Find the line below with "Nature Inspired Long" and the line with "Москва. 2 июня.". Output them and the lines between, exactly, but not the pictures.

Provided entries.
++++++++++

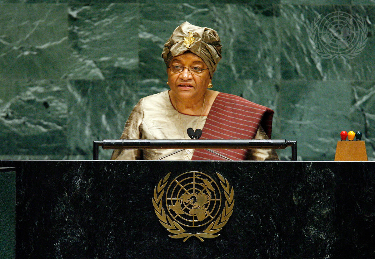 Ellen Johnson-Sirleaf, President of the Republic of Liberia, addresses the general debate of the sixty-first session of the General Assembly, at UN Headquarters in New York.
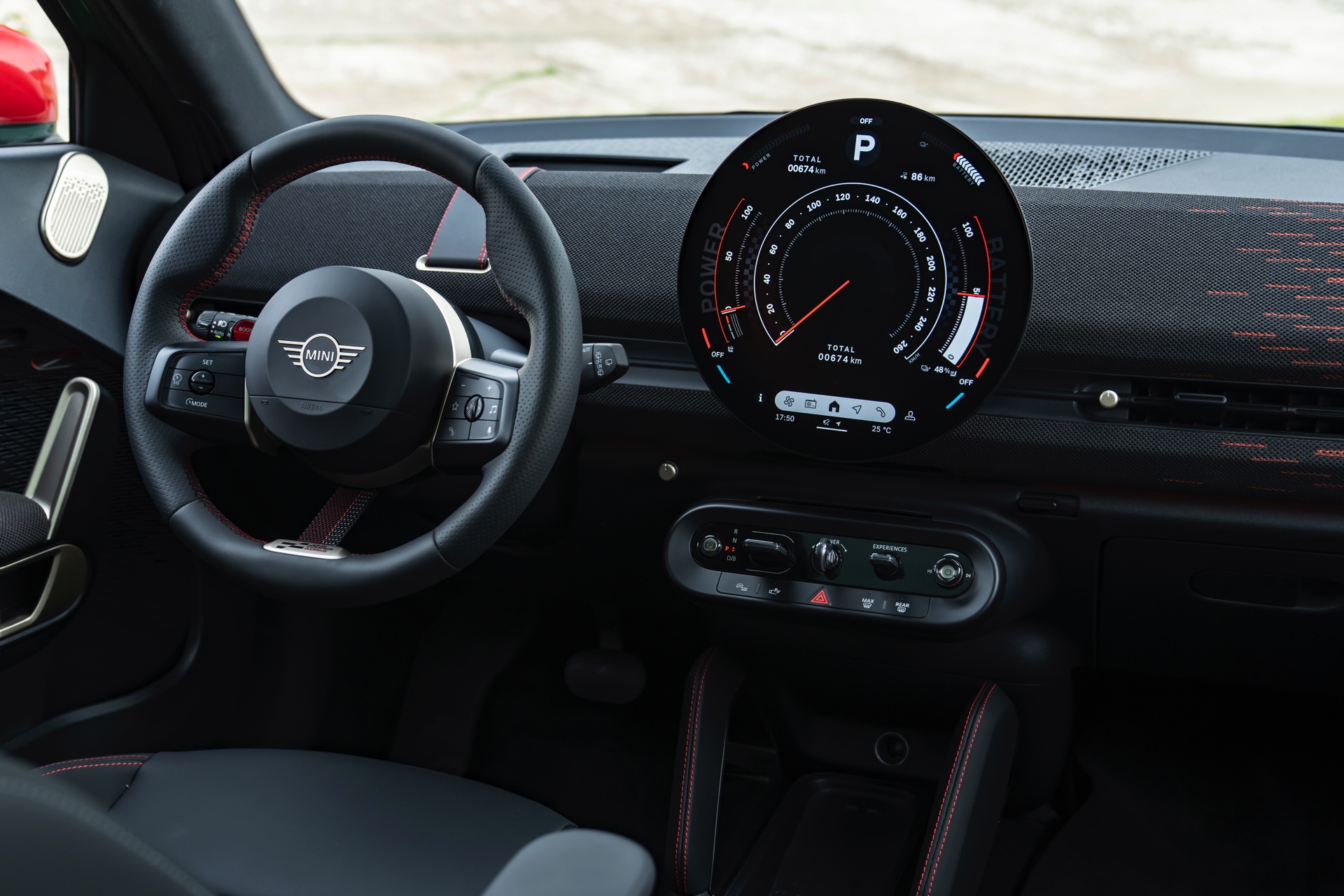 Der neue MINI Aceman John Cooper Works bietet dabei nicht nur zwei Türen mehr, sondern dank über 20 Zentimetern mehr Außenlänge auch spürbar mehr Platz. Dass die Fahrleistungen aufgrund des höheren Gewichts etwas schlechter ausfallen, dürfte ohne direkten Vergleich kaum jemals eine Rolle spielen: Mit einer Werksangabe von 6,4 Sekunden für den Sprint von 0 auf 100 ist auch der Top-J05 zackig unterwegs, was mit Blick auf 258 PS und 350 Newtonmeter Drehmoment niemanden überraschen dürfte. Die volle Leistung steht allerdings nur im Boost-Modus zur Verfügung: Wer diesen nicht mit Hilfe eines Wippschalters am Lenkrad aktiviert, muss sich mit “nur” 231 PS begnügen. "
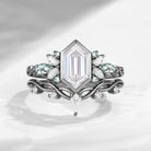 Nature Inspired Long Hexagon Moissanite Butterfly Cluster Engagement Ring Set 2pcs
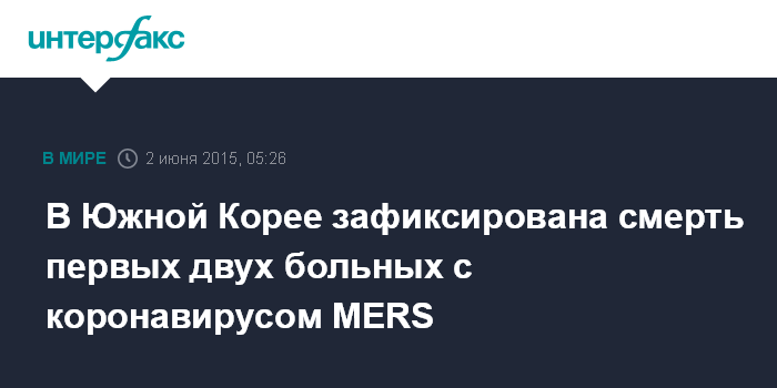 Москва. 2 июня. INTERFAX.RU - В Южной Корее женщина и мужчина, инфицированные смертоносным коронавирусом ближневосточного респираторного синдрома (MERS) скончались, сообщило во вторник министерство здравоохранения РК.
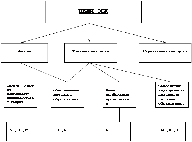 В данном примере представлен пример системы методом смешанного графа. Т.е. в этом графе присутствуют как направленные так и ненаправленные связи. Является наиболее общим случаем графа. II. Одной из причин, объясняющей, почему ЭБК является прибыльной организацией, заключается в очень упорной работе собственников и сотрудников фирмы. Стремление к лидерству и качество команды позволили поставить перед собой широкий набор целей, которые должны соответствовать постоянно меняющимся требованиям на рынке образования. Миссия ЭБК состоит в том, чтобы предоставить самый широкий и качественный спектр услуг по подготовке-переподготовке специалистов по представленным сертифицированным специальностям. Стратегическая цель ЭБК - Завоевание лидирующего положения на рынке образования за счет расширения списка специальностей и качества обучения. Тактические цели: ² Быть прибыльным предприятием и использовать полученные средства для новых инвестиций по мере возникновения возможностей; ² Отобрать и принять на работу новых педагогов и кураторов, усвоивших принципы самомотивации, ориентированных на успехи и привыкшие к упорной работе; ² Иметь в ЭБК достаточное количество педагогического состава, удовлетворяющих указанным требованиям; ² Завоевать для нашей фирмы на целевом рынке имидж солидной организации; ² Разработать комплекс льгот по оплате обучения для детей инвалидов, неполноценных семей и семей с низким уровнем доходов; ² К концу пятого выпуска получить государственную аккредитацию (июнь-август 2001 года). Рис.6 Дерево целей:
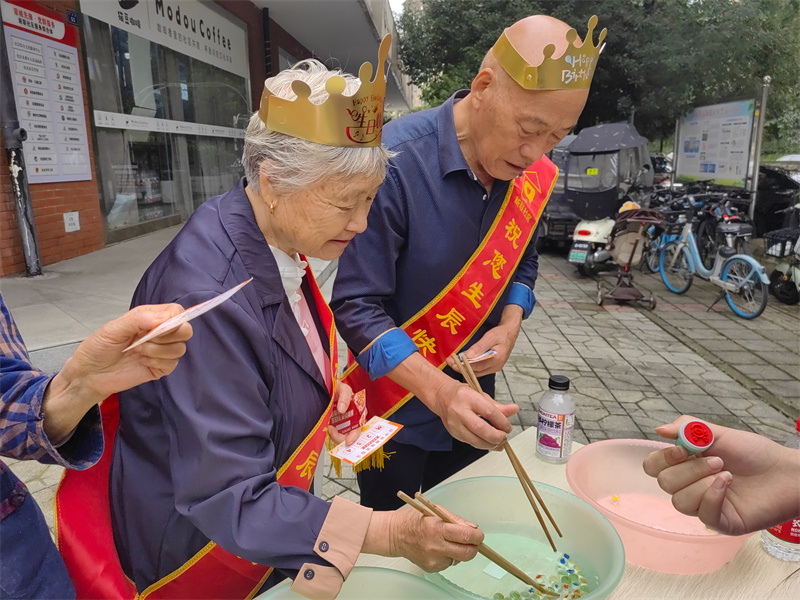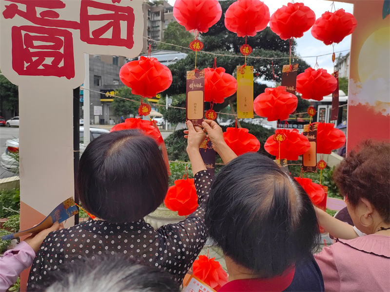 活动现场热闹而温馨。孩子们身着统一服饰,手持红旗,用稚嫩却充满热忱的表演为活动开场,童声里满是对节日的美好祝福。另一边,有的居民在灯谜前驻足思索,感受传统文化的魅力;有的居民在“欢乐投壶”“水中夹珠”等游戏中玩得不亦乐乎,现场欢笑声此起彼伏。创意手工区的沉浸式体验也吸引了不少人参与,大家在动手创作的过程中更好地感受到了节日氛围。

++++++++++

Expected output.
 Nature Inspired Long Hexagon Moissanite Butterfly Cluster Engagement Ring Set 2pcs
 Москва. 2 июня. INTERFAX.RU - В Южной Корее женщина и мужчина, инфицированные смертоносным коронавирусом ближневосточного респираторного синдрома (MERS) скончались, сообщило во вторник министерство здравоохранения РК.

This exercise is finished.